The manuscript has been reviewed by two experts, and both cite a number of important concerns to be addressed. In short, the manuscript's alignment with publication priorities of PLoS Comp Biol need greater emphasis in the added value of the model for practical, translational goals. The reviewers both point out that the biology of this system has been well-investigated, but that the scientific advances opened by this computer model must be more clearly articulated. A substantial revision of this manuscript will be necessary to address the reviewer comments.

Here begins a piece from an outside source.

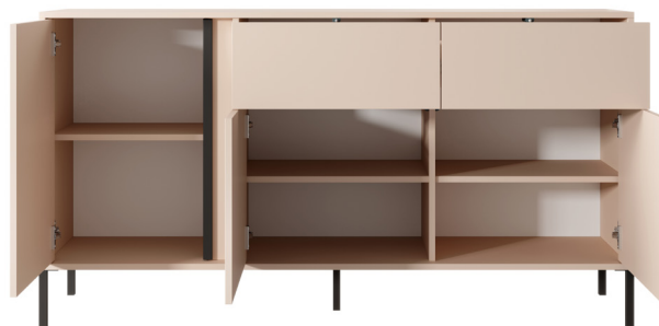
B - commode 153 3d2s - W 153,1 / H 81,4 / D 39,5 cm

Reviewer's Responses to Questions

Comments to the Authors:

Please note here if the review is uploaded as an attachment.

Reviewer #1: SUMMARY

Ramirez-Sierra and Sokolowski present an AI-powered model of inner cell mass differentiation during preimplantation development investigating, in particular, how this stochastic system enables an incredibly robust output. They manage to reproduce many of the known properties of the ICM, including the early plasticity, the critical window of FGF segregation to allow for intercellular communication, and the fascinating robustness even when scaling the ICM, to mention a few. It’s an extensive computational-heavy manuscript of a highly studied system, as the long reference list also indicates. The manuscript does not add new experimental data. Unfortunately, the importance to the field and the biological significance are unclear, and new experimentally testable predictions are lacking. Based on these concerns, I unfortunately cannot recommend publication in PLOS Computational Biology.

CONCERNS

1. As stated in the journal’s aim: “PLOS Computational Biology publishes original research that clearly demonstrates novelty, importance to a particular field, biological significance, and conclusions that are justified by the study”. I can positively argue for the novelty of this study: Applying AI technology to the ICM has, to my knowledge, never been done before. Also, the conclusion (lines 697-699) is backed up by the manuscript. However, it’s unclear how this study provides “unique insights” (line 698) and “deepen our understanding of the developing early mouse embryo” (line 700). All the five suggestions listed in lines 117-124 are already known. These are not new findings. Therefore, the importance to the field and its biological significance are highly unclear.

2. This study presents a versatile computational framework, but no new experimentally testable predictions are suggested. To provide value to the community, this tool should open up one or more new directions with testable predictions that have not already been carried out. What new experiments would the authors suggest? It’s challenging because the ICM is already a highly studied system. Still, as the authors note on lines 701-702, the proposed framework may be used “for exploring similar controlled stochastic processes in related biological systems.” The question is, which systems do the authors have in mind? And how, more precisely, do the authors imagine the presented tool can provide new, currently unavailable insights?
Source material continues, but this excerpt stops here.